Sunday, April 29, 2018

Good Morning Vietnam! 1804



      The UH1 "Huey" helicopter pictured above was the workhorse in Vietnam. It was transportation for troops, medical evacuation for wounded and gunfire support. Door gunners spent billions of rounds of ammunition to suppress ground fire during trips over Viet Cong held territory. The rumor was the Huey made Linden Johnson a rich man as he and Lady Bird had a big stake in the Bell helicopter company. That, like all rumors, may have some truth in it; I do not know for sure. I can only imagine the troops hated to climb aboard to go to some hellish spot in the jungle, but loved to climb back aboard to get back out of there.
      I was sitting watching the movie Good Morning Vietnam, a story loosely based on DJ Adrian Cronauer and his time in Vietnam. Robin Williams plays Cronauer. It is a very good movie and I have the soundtrack from it and listen to it frequently. The movie has a lot of footage of soldiers in the Saigan area and and navy riverboat patrols in the Mekong delta. The footage is mostly day to day events, not like the jungle battle events like those shown on the nightly news in the mid to late sixties. Not like up in Da Nang where it looked to me like any other air force base except for the revetments around the aircraft on the tarmac, the guards at the many checkpoints one had to pass through to get anywhere and not like when the mortar fire that started coming in during the late afternoon.
      In the movie, Adrian was handing out MPC which was what the military handed out in lieu of dollars in the early days of the conflict. The idea was to keep US greenbacks out of the hands of those against US interests in the war. That reminded me of being aboard ship later on during the conflict. In order to get paid we had to fill out what they called a pay chit. The pay chit had to have a host of information, including your pay number and how much you wanted to draw for the next two week pay period and everything had to be perfect on the chit or you had to go back to the end of the line and start over.
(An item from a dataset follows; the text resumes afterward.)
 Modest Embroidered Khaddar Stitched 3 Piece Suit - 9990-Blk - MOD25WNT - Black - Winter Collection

And talk about privacy, your pay number and how much money you had was posted on the ship’s bulletin boards for all the crew to see, unless you were an officer, but then there was no privacy for enlisted men aboard ship. Back then there was a chit to fill out for just about anything. The joke was, you had to fill out a chit to even take a shit.
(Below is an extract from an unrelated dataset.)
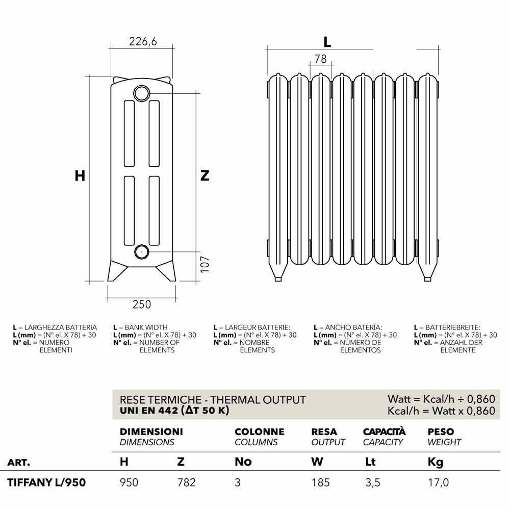 Elementos de ferro fundido montáveis, atenção aos detalhes, estilo único: Tiffany é um radiador que não compromete. Sua personalidade exuberante valoriza qualquer tipo de ambiente. Símbolo e função coincidem de forma exemplar: a riqueza da decoração, a sinuosidade das linhas, a suavidade da forma destacam-se num fundo de rigor geométrico essencial. A Tiffany aquece o ambiente visual e fisicamente.

      There’s a part in the movie where Adrian drives up to a traffic jam in Saigon where there are several troop trucks backed up. He begins a funny routine with the new guys on the trucks. He asks where they are headed and when they tell him, he gets a sad look on his face. He knows what is happening in those places. I get sad watching that part, wondering how many of the real young men in those places went home in body bags.
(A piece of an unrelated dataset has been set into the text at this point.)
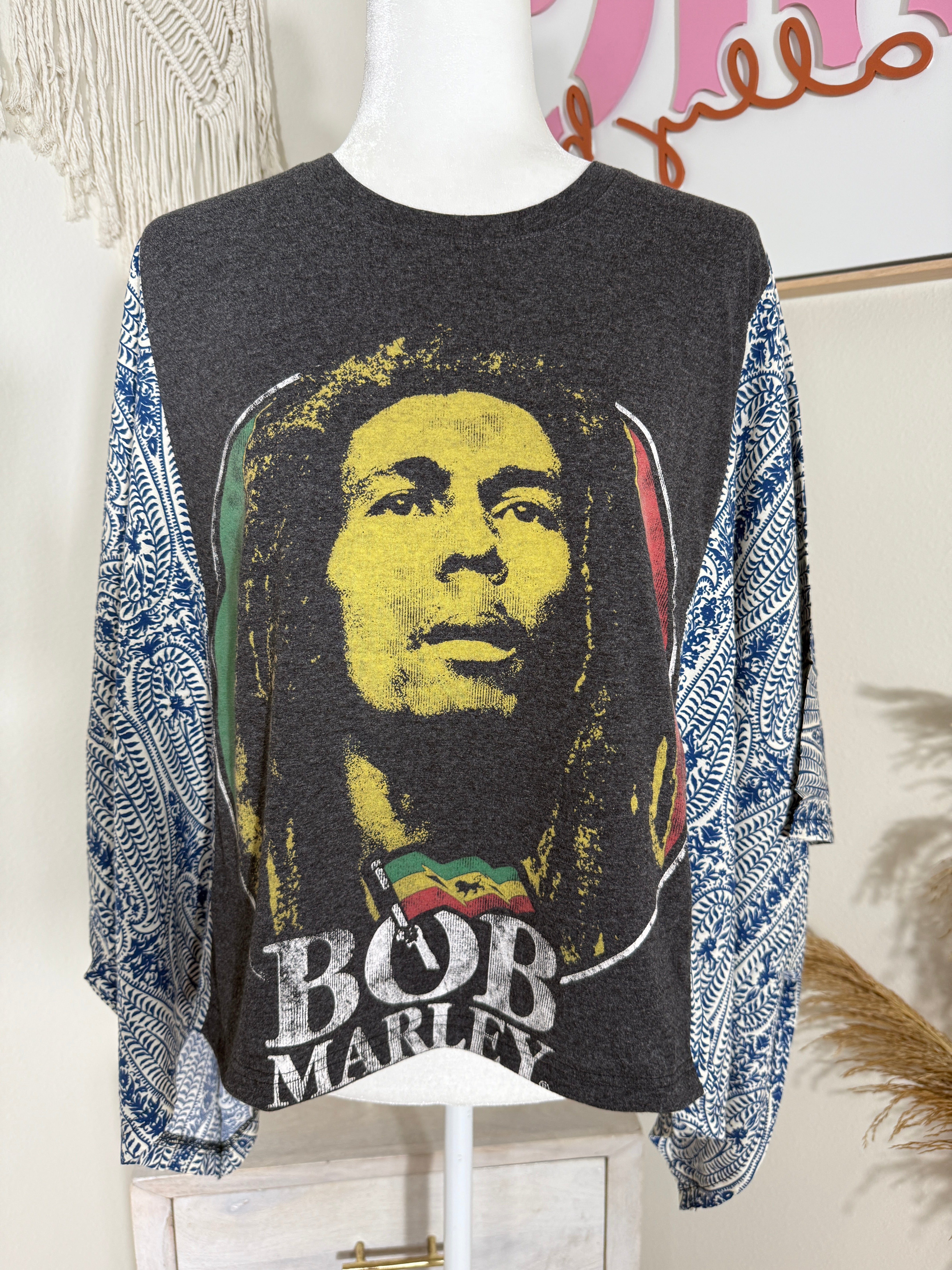 Bob Marley Mix & Match Tee Grey Blue Floral

      Near the end of the movie, the general who liked Adrian and protected him, had to let him go because a Vietnamese he befriended was a Viet Cong sympathiser. The master sergeant who tried to remove Adrian every way he could, including sending him through a Viet Cong controlled territory that almost got him killed finally got his way to discharge Adrian and send him home. The general pulled the sergeant aside and said the sergeant had gone too far and was too damn mean. He told the sergeant he was transferring him to Guam, not Alaska or any other shithole duty stations, but to Guam. I had to laugh about that, having spent 18 months there. The sergeant said there was nothing happening on Guam. The general said, “that’s why I am sending you there.” Funny but I never remember seeing a soldier on Guam, air force, yes, but no army.